I am curious how the Dutch tennis player Betty Stöve's surname is pronounced in Dutch, as Dutch doesn't (normally) have ö in its orthography?  Does this represent a sound that is now represented by (an) other letter(s) in modern Dutch orthography?

Bedankt


----------



## jazyk

You can listen here: Betty Stöve pronunciation: How to pronounce Betty Stöve in Dutch

I would say a more Dutchified spelling would be Steuve.


----------



## eno2

Steuve  yes.


----------



## Stoggler

Thanks to you both.

Was <ö> ever used in Dutch spelling in the past?


----------



## sound shift

Stoggler said:


> Did M<ö> used to be used in Dutch spelling often in the past?
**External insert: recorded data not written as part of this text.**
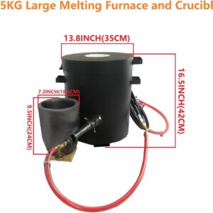 • 【25KG Large Melting Furnace】The 25KG melting furnace with a large capacity, which inner size is 9.8″ diameter x 11.8″Height (25cm x 30cm). This large metal smelter equipped with 25KG/55lbs large crucible, which size is 7.3” x 9.5”(18.5*24cm), can melt 25KG copper, 46.8KG gold, 7.5KG aluminum, 29.5KG silver. Everything well done, you just need a propane tank to start the melting!
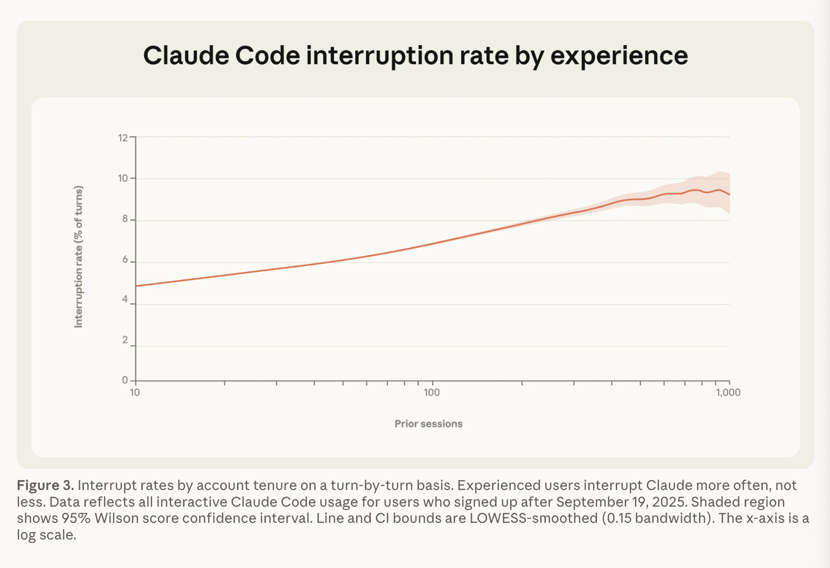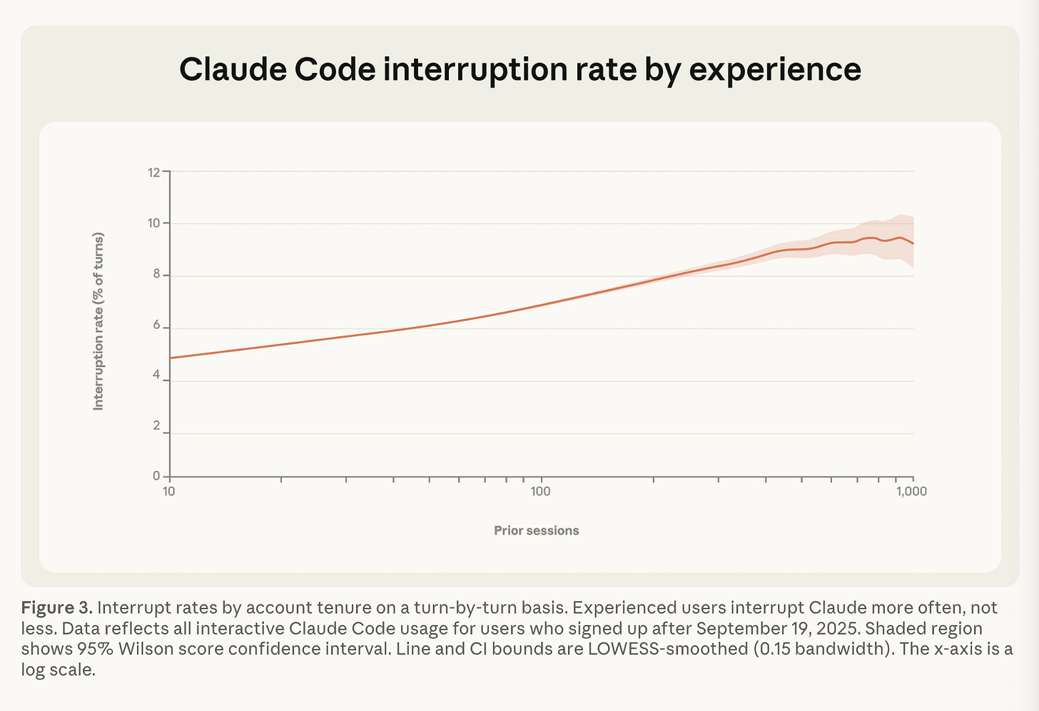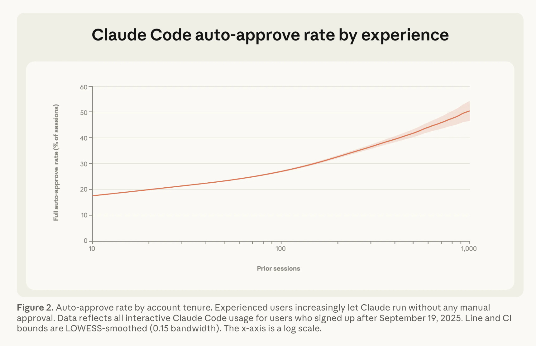 Enough said. Because Anthropic has full access to Claude Code telemetry, there are other autonomy measures nobody else has. For example… new users start off with 20% auto-approve, and increase to >50% over time with experience
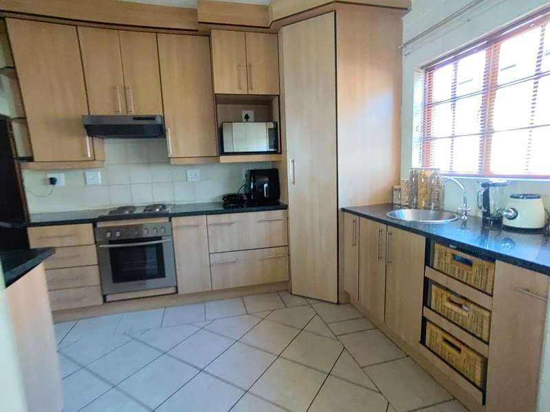 Step into comfort and style with this very neat and spacious 3-bedroom home, perfectly situated in a sought-after Security Estate with 24-hour gate access. The main bedroom boasts a modern en-suite bathroom, while the other two bedrooms share a second stylish bathroom. The heart of the home is a well-fitted, open-plan kitchen that flows seamlessly into the living area, with a separate scullery for convenience. Enjoy year-round entertaining on the covered patio with a built-in braai. The area around the house is fully paved. A double garage provides secure parking and extra storage space, making this home as practical as it is beautiful. With security, style, and comfort all in one, this is the perfect place to call home.
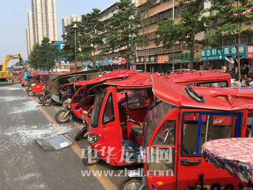 ????9月7日,百余輛三輪車在中心城區七一路上被統一銷毀。這些被銷毀的三輪車都是市交警部門在中心城區查扣的非法營運三輪車。晚報記者 朱東一 攝
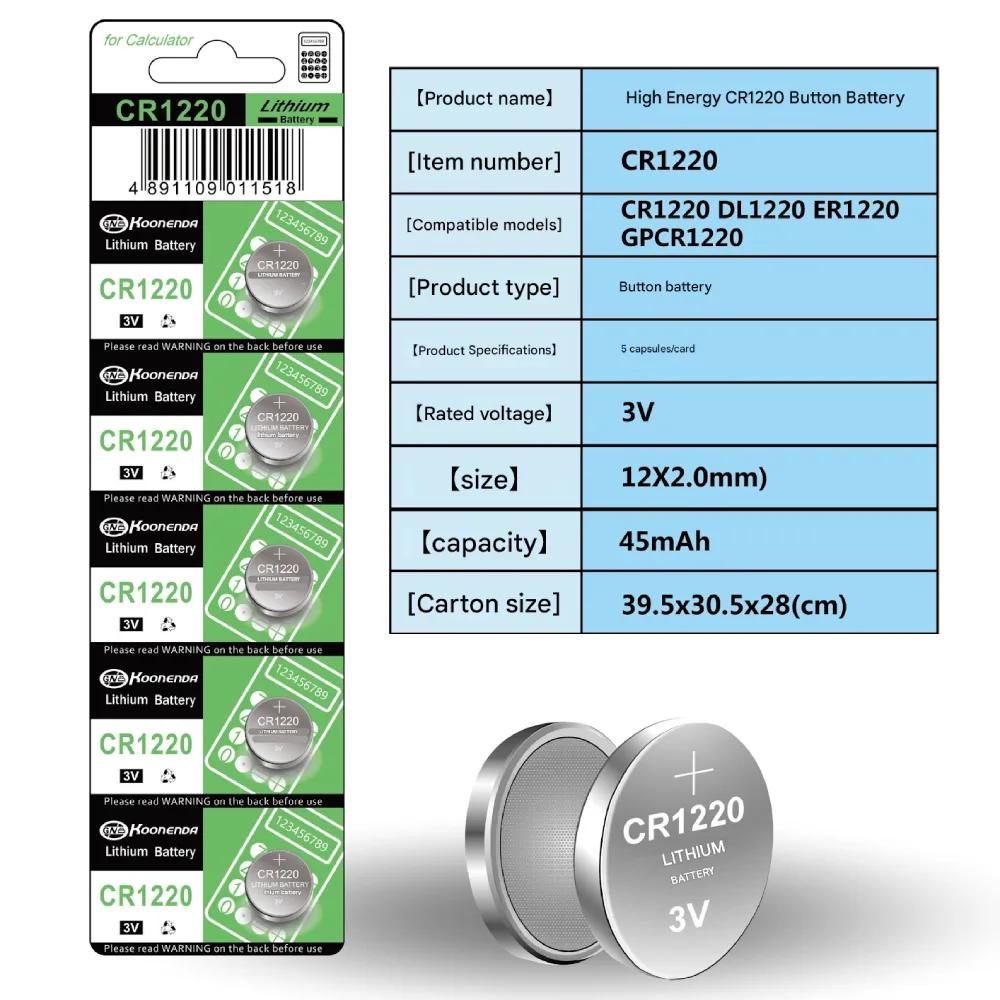 La pila CR1220 Koonenda combina un formato ultracompacto de 12 × 2 mm con la estabilidad del litio, ofreciendo un voltaje constante de 3 V. Este diseño la hace perfecta para relojes de pulsera, mandos a distancia y pequeños sensores electrónicos.
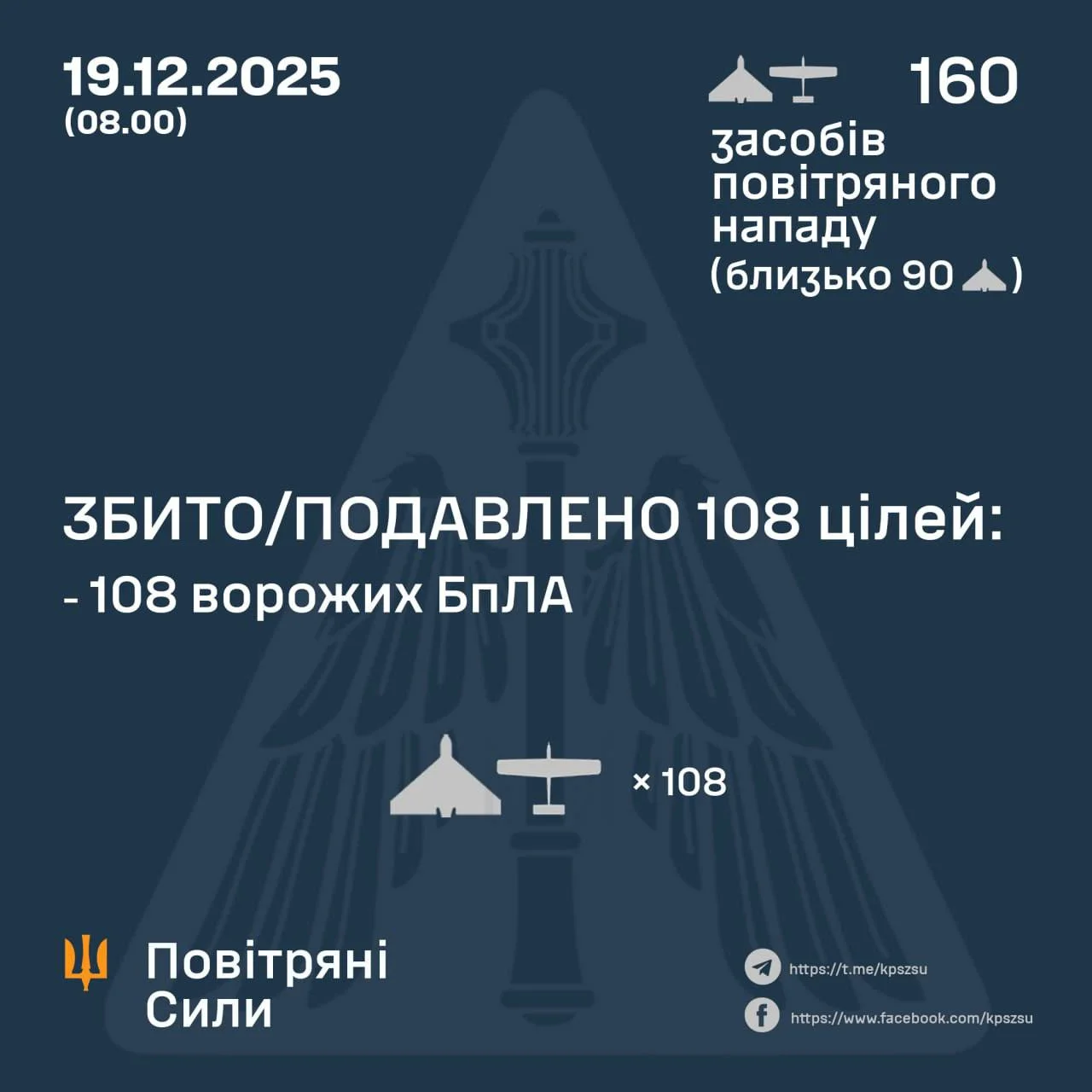 https://t.me/Ukraineaboveallelse✈️ 19.12.2025 силами оборони було знищено/подавлено: 🛵 108/160 ударних БПЛА “Шахед“/“Гербера“/“Пародія“ та інші. ❗️ Зафіксовано влучання 47 ударних БпЛА на 23 локаціях . ☝️ Атака триває, в повітряному просторі декілька ворожих БпЛА. https://t.me/Ukraineaboveallelse61переглядів -
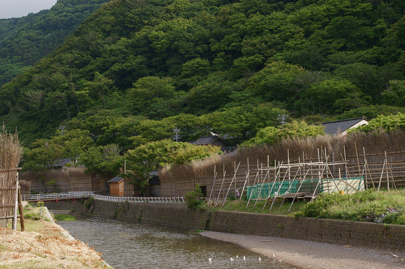 「間垣」とは日本海から吹き付けてくる冬の季節風の害を防ぐために設置された防風垣。5mくらいの長さのニガ竹を縦に隙間なく建ててある。間垣は能登半島の外浦方面で見られるが、大沢町と上大沢町ではまとまった姿で見られるので「間垣の里」と呼ばれているらしい。
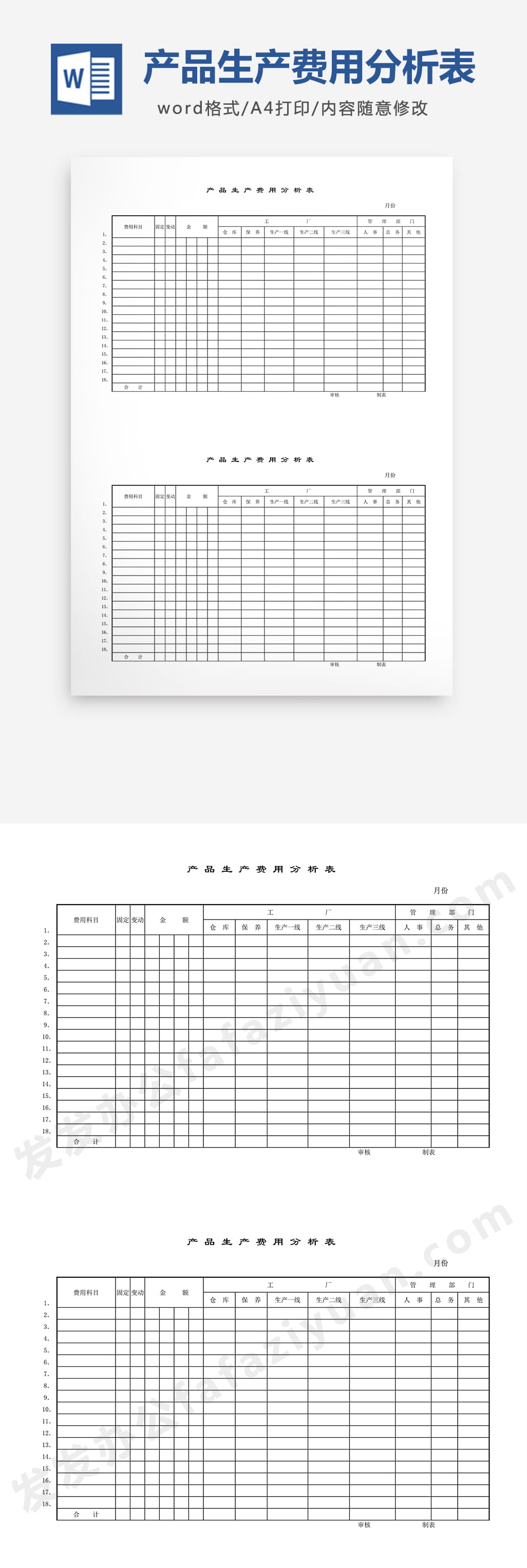 本作品内容为产品生产费用分析表Word模板, 格式为 docx, 大小1 MB, 页数为1, 请使用软件Word打开, 作品中主体文字及图片可替换修改,文字修改可直接点击文本框进行编辑,图片更改可选中图片后单击鼠标右键选择更换图片,也可根据自身需求增加和删除作品中的内容, 源文件无水印, 欢迎使用发发资源库。
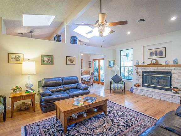 Gorgeous 3/2/2 brick home on tree lined street in popular NW neighborhood. Spacious living room w/ fireplace, laminate floors & vaulted ceiling. Sky lights thru out. Eat-in kitchen w/ breakfast bar, RO, vaulted ceiling & French doors leading to sun room. All appliances, + washer & dryer remain w/ home. Formal dining room doubles as home office. Master suite has French doors leading to lush backyard. Ensuite master bathroom w/ dbl sinks & walk-in closet. Sprinklers front & back + yard barn. New roof 2017.
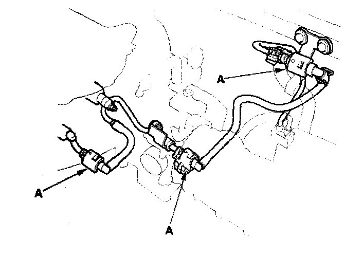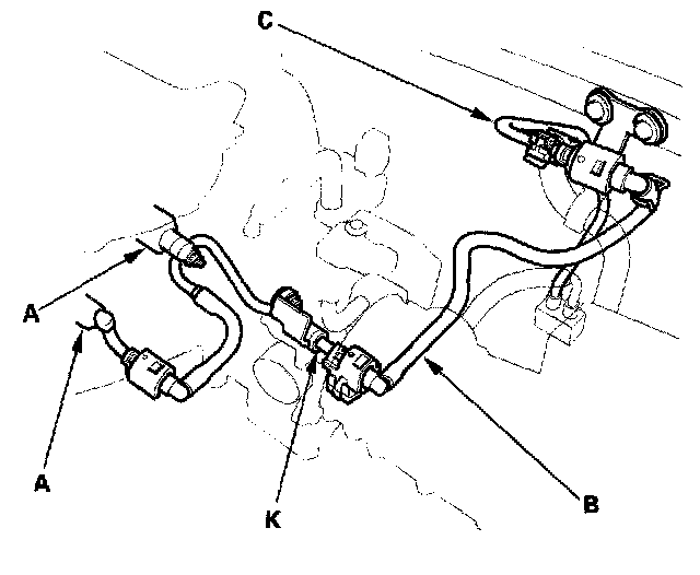 Fuel Line/Quick-Connect Fitting PrecautionThe fuel line/quick-connect fittings connect the fuel rail (A) to the fuel feed joint (K), the fuel feed joint (K) to the fuel feed hose (B) the fuel hose (B) to the fuel line (C), the fuel feed hose (D) to the fuel tank unit (E), the fuel line (F) to the fuel feed hose (G), the EVAP purge pipe (H) to EVAP purge hose (I), and the EVAP purge hose (I) to the EVAP canister (J). When removing or installing the fuel feed hose, fuel tank unit or fuel tank, it is necessary to disconnect or connect the quick-connect fittings.
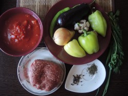Подготовим все ингредиенты. На этом фото всего один баклажан, так как остальные уже порезаны и отмачиваются с солью.

I don't think so. My guess is that she is descended from a German with the surname Stöwe (or possibly that her forebears hailed from a region of the Netherlands, such as Limburg, in which German had had some influence on the spelling of names).


----------



## eno2

I think such a spelling of surname would not have been accepted lightly by Belgian population register officials.


----------



## sound shift

I'm sure I recall seeing "ö" in the surname of a person from Twente, but I forget the detail.


----------



## Red Arrow

Do Dutchmen make a difference between short ö and long ö? In Flanders this difference is often ignored. (except for "Röntgen")


----------



## eno2

Röntgen is 'runtgen' (like 'run') and not 'reuntgen'.


----------



## Red Arrow

Het Duits heeft een lange ö (zoals in het Franse woord 'peu') en een korte ö (zoals in het Franse woord 'bœuf'). Röntgen is met een korte ö.


----------